* Supplied data:
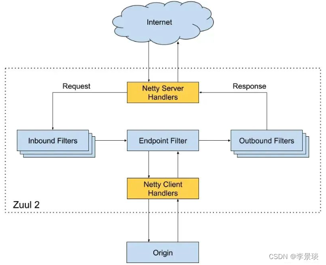 上图是 Zuul2 的架构,和 Zuul1 没有本质区别,两点变化:
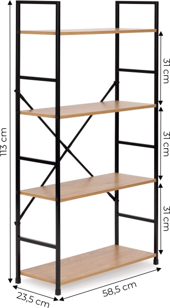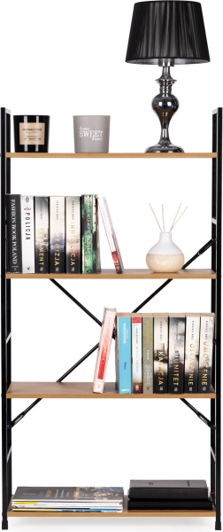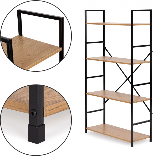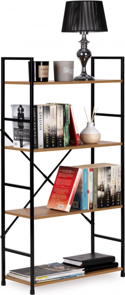 Poličky vyrobené z MDF dosky a štýlový kovový rám dodávajú knižnici moderný vzhľad vhodný do každej miestnosti.
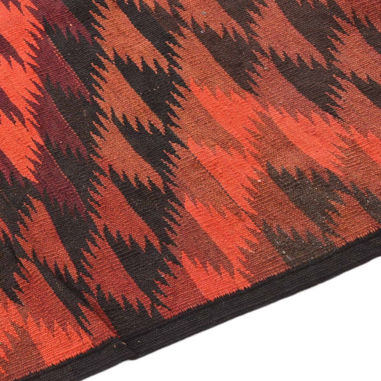 Hand-woven of 100% wool, this kilim runner displays a tightly woven flatweave with stepped diamond motifs set against a rust red background. Bands of black, burgundy, orange and brown interlock in a rhythmic, chevron-like pattern that forms subtle central medallions. The surface is low-profile and tactile—firm underfoot with the characteristic textured weave of traditional kilims—and finished with narrow guard stripes and knotted fringe at each end.

* Exercise objective:
Write the material above out again exactly as it reads, but don't carry over the pictures.

* Answer space:
 上图是 Zuul2 的架构,和 Zuul1 没有本质区别,两点变化:
 Poličky vyrobené z MDF dosky a štýlový kovový rám dodávajú knižnici moderný vzhľad vhodný do každej miestnosti.
 Hand-woven of 100% wool, this kilim runner displays a tightly woven flatweave with stepped diamond motifs set against a rust red background. Bands of black, burgundy, orange and brown interlock in a rhythmic, chevron-like pattern that forms subtle central medallions. The surface is low-profile and tactile—firm underfoot with the characteristic textured weave of traditional kilims—and finished with narrow guard stripes and knotted fringe at each end.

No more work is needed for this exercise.